SMB: Server Message Block. Cross platform sharing. SMB uses CIFS (Common Internet File System) protocol under the hood. Syntax: mount -t cifs //<server>/<share> <local mountpoint> -o username=<user>,password=<pass>. The local mount point is the directory where you want the mount to show once mounted. ex: mount -t cifs //192.168.1.2/shared /mnt/shared -o username=demo,password=vEreaSaCrEat

Troubleshooting Storage Issues

ulimit limits the system resources for a user in a Linux-based server.

ulimit -n 512 limits the number of open files to 512 for a particular user

ulimit -a displays all the current limits

df/du (disk free/disk usage) facilitate storage space tracking. df displays the device's storage space and du displays how a device is used.

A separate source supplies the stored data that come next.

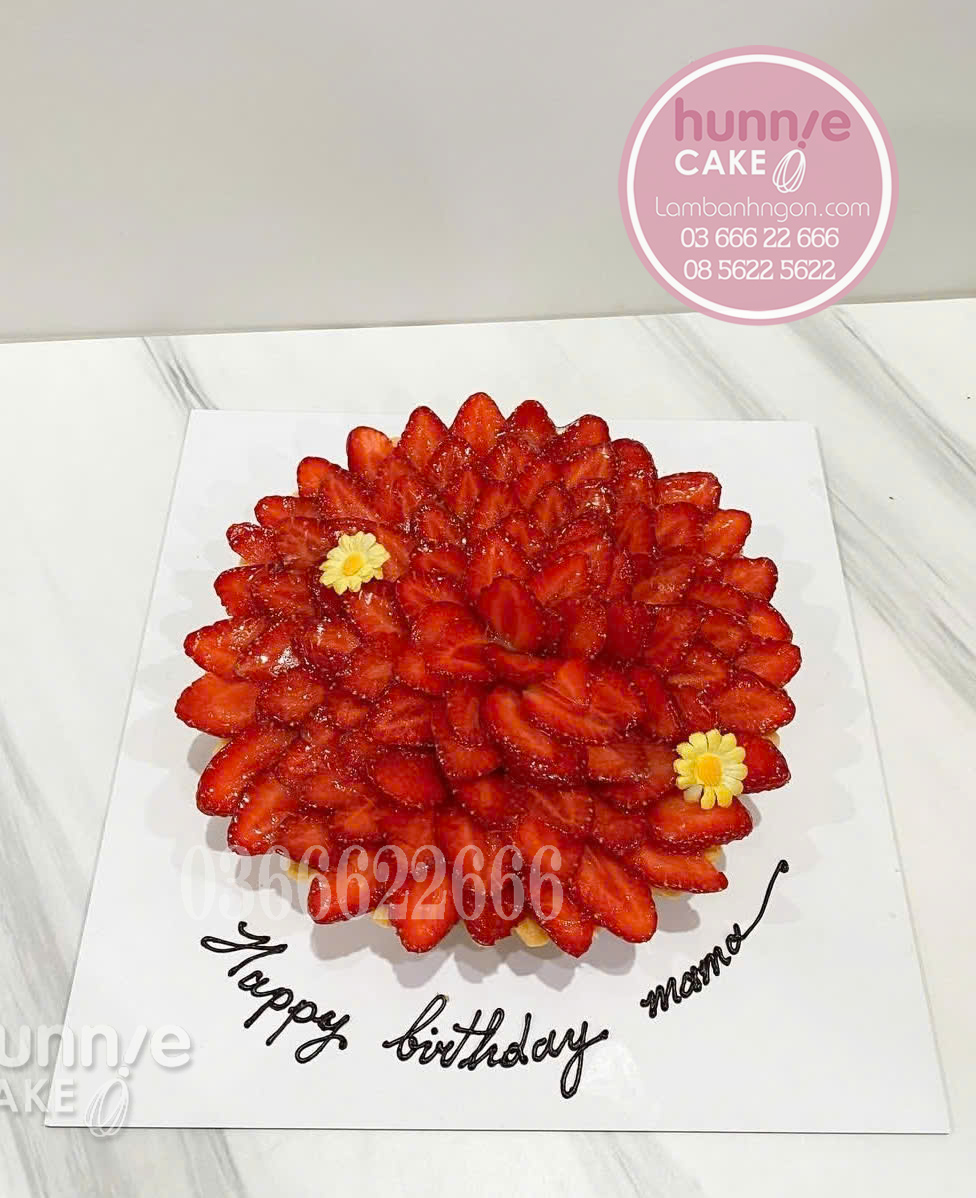 Bánh dâu tây xếp lớp, bánh kem Hanna, bánh kem hoa dâu tây, bánh sinh nhật màu đỏ, bánh kem trang trí hoa cúc.
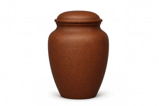 Closed brown ceramic funeral urn resting in solitude, isolated on a transparent background, conveying a sense of dignity and remembrance
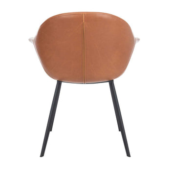 A new design classic, this Dublin Dining Chair revives retro style for today's contemporary interiors. Dublin's cognac PU leather and black iron legs blend the traditional comfort of a club chair with fresh, modern chic. Exposed stitching adds a couturier look. Sold in sets of two.
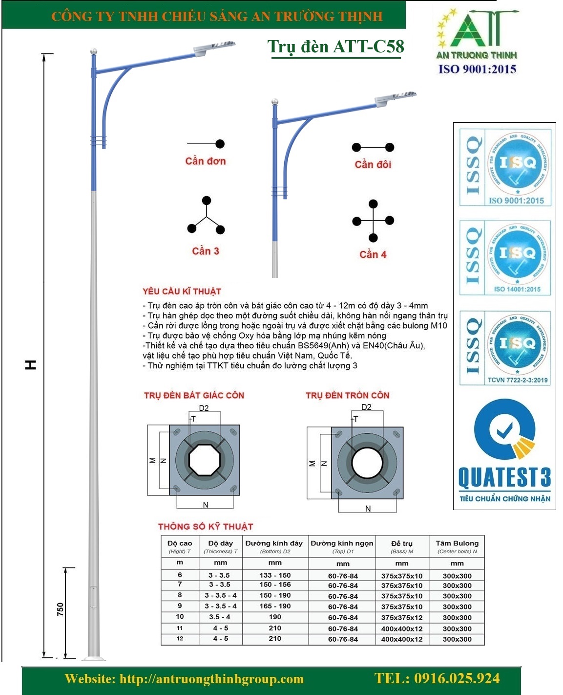 Thông số kỹ thuật trụ đèn cao áp, cột đèn chiếu sáng ngoài trời cao 4m, 5m, 6m, 7m, 8m, 9m, 10m:
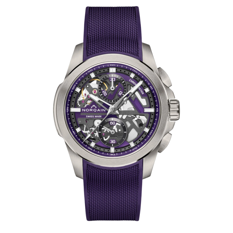 Dial Satin-finished skeletonised black and purple dial White minute scale on a purple outer ring Black counters at 6 and 12 o’clock White NORQAIN logo Diamond-cut flat indexes, rhodium plated, filled with white X1 Super-LumiNova® Diamond-cut faceted hour and minute hands, rhodium plated, filled with white X1 Super-LumiNova® Diamond-cut flat central chronograph hand, rhodium plated, filled with white X1 Super-LumiNova® Diamond-cut faceted small counter hands, rhodium plated
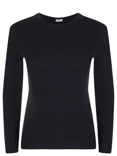 -Модель облегающего силуэта с длинными рукавами и круглым вырезом на груди.
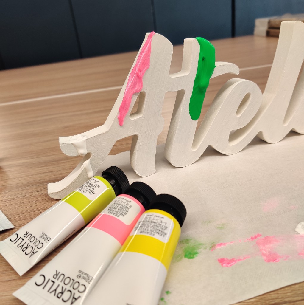 Les projets de bricolage créatifs sont une excellente manière de personnaliser votre espace de vie tout en exprimant votre créativité. Aujourd’hui, nous allons vous montrer comment transformer un simple support en bois vierge en une œuvre d’art unique à l’aide de peinture acrylique. Nous avons choisis de personnaliser le mot ATELIER
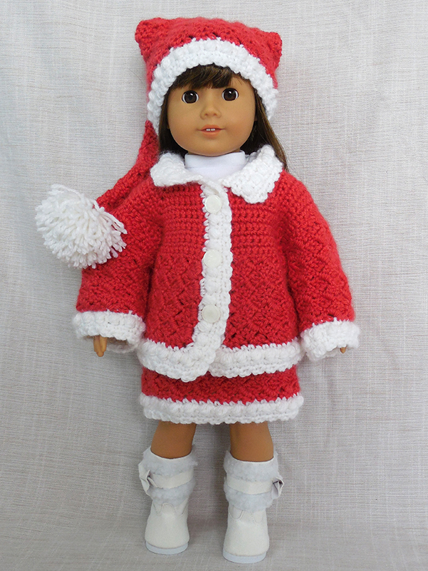 All models for size NB to 12 months were created using soft worsted weight yarn and size G (4.25 mm) and H (5.00 mm) crochet hooks. The American Girl outfit was created using DK weight acrylic yarn and size E (3.50 mm) and F (3.75 mm) crochet hooks.

df -h to display human readable format of the amount of space in the system

df -h /dev/backups/appbk to see the space in appbk logical volume

du -h /dev/backups

iostat generates reports on CPU and device usage. I can be used to determine issues with iops.

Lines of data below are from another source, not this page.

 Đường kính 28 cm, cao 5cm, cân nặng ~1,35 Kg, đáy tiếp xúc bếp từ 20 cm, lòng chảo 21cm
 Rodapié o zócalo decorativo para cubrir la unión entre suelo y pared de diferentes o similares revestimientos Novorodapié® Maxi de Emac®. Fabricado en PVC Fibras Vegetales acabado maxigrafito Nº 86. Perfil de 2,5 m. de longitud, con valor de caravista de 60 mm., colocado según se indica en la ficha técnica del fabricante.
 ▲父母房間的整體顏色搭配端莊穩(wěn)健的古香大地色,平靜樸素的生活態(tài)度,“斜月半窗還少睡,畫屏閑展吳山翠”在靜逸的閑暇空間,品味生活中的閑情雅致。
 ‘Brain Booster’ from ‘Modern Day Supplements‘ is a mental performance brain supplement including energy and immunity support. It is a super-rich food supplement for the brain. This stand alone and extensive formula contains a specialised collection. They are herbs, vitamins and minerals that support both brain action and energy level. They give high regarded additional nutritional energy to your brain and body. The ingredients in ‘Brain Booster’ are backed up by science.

iostat -d /dev/backups/appbk to view the I/O stats of appbk

ioping generates a report of device I/O latency in real-time

ioping -c 4 /dev/backups/logbk to check for latency in real-time

Storage Quota allows managing the storage space per user. Here are tools used to manage storage quotas:

quotacheck -cug <mount point> create quota database file for a file system and check for user and group quotas

edquota -u <username> edit quotas for a specific user

edquota -g <group name> edit quotas for a specific group

setquota -u <username> set quotas for a specific user

setquota -g <group name> set quotas for a specific group

Before using these commands, we have to activate user and group quotas on the file system. To do that, edit the fstab file to add the options usrquota and grpquota to the the relevant file system.

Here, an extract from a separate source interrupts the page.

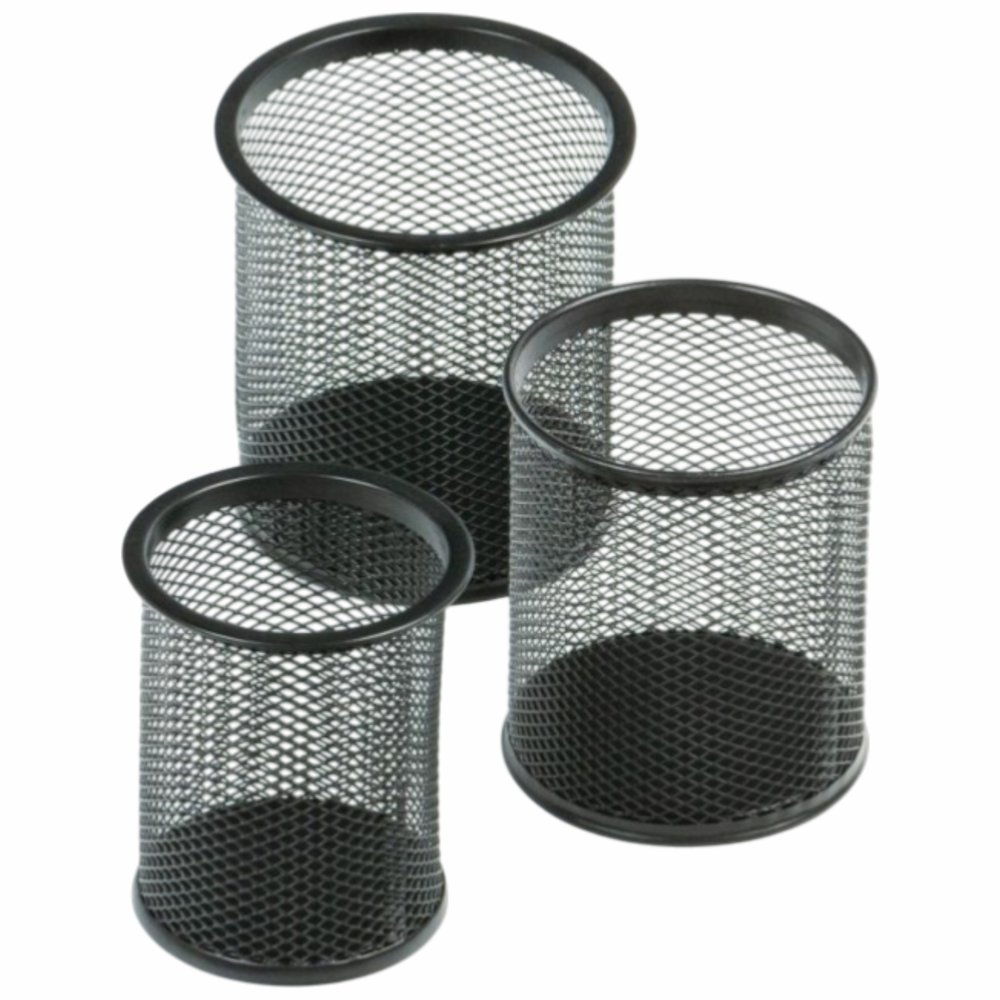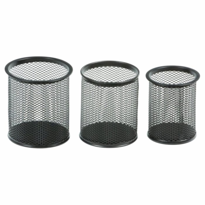 Набор из 3-х офисных стаканов для пишущих принадлежностей (9,5x9,5x10 см, 8х8х9,8 см, 7,5х7,5х8 см). Круглые, сетчатые, металлические, черные. Впишутся в любой интерьер на рабочем столе и будут незаменимыми помощниками для хранения письменных принадлежностей.
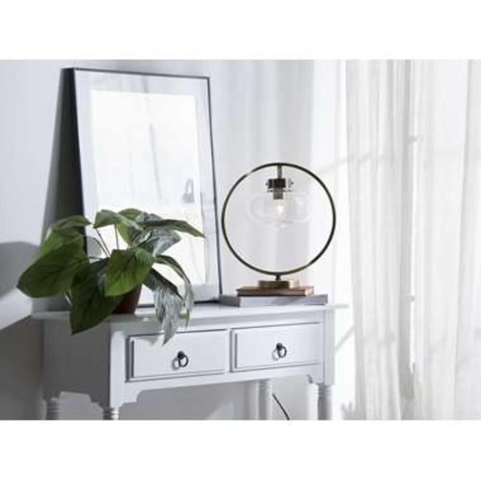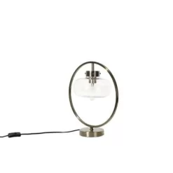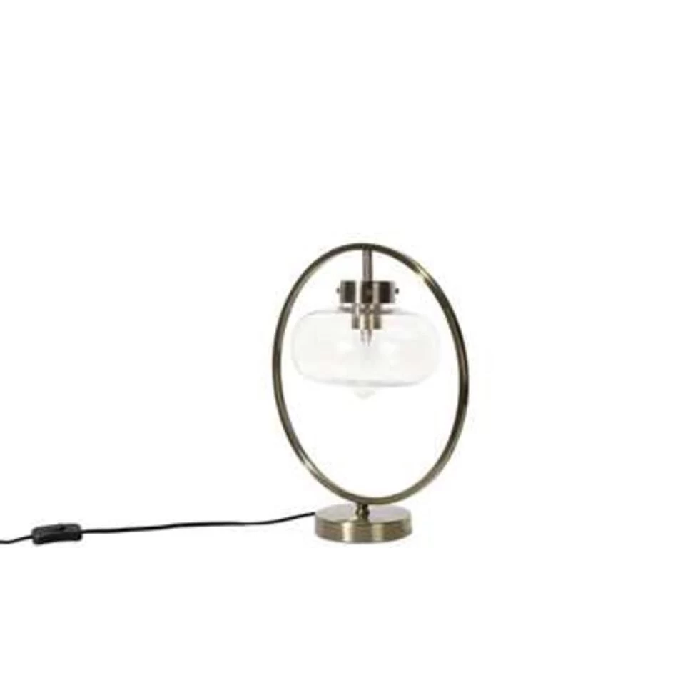 Industriele tafellamp met uniek rond frame. Het tijdloze en exclusieve design van de stijlvolle tafellamp onderstreept zijn elegante uitstraling. De gebogen lampenkap van helder glas hangt in een gebogen, filigraan frame van metaal met een gouden look. Let bij het kiezen van een geschikte lichtbron op de afmetingen van de lampenkap. Dankzij de lange zwarte kabel kan de lamp ook op hoge meubels worden geplaatst.

With XFS file system, you can use xfs_admin to configure quotas.

To generate quota reports, use the following the commands:

repquota -a display the reports for all file systems indicated as read-write quotas in the mtab file

repquota -u <username> display the quota report for a particular user

quota -uv <username> display the quota report for a particular user with verbose output

warnquota -u check if users are not exceeding the alloted quota limit

warnquota -g check if groups are not exceeding the alloted quota limit

To troubleshoot a device, start with simple things:

  • make sure it is powered and recognized by the system by checking the /proc directory
  • check errors in the configuration files ftab
  • make sure to reload the config files if changes have been made to them
  • confirm that there is enough capacity
  • confirm that I/O is not overwhelming the device
  • use partprobe to scan for new storage devices and partitions and load them into the kernel
  • select the appropriate scheduler to optimize performance. ex noop for flash drives. To change the scheduler, change the /sys/block/[sda]/queue/scheduler config file with echo noop > /sys/block/[sda]/queue/scheduler
  • to prevent user from consumming excessive space, we are going to edit the fstab config file to enable quotas with /dev/backups/appbk /backups/app ext4 defaults,usrquota 0 0. Use edquota -u john to edit the soft and hard limits of the user john.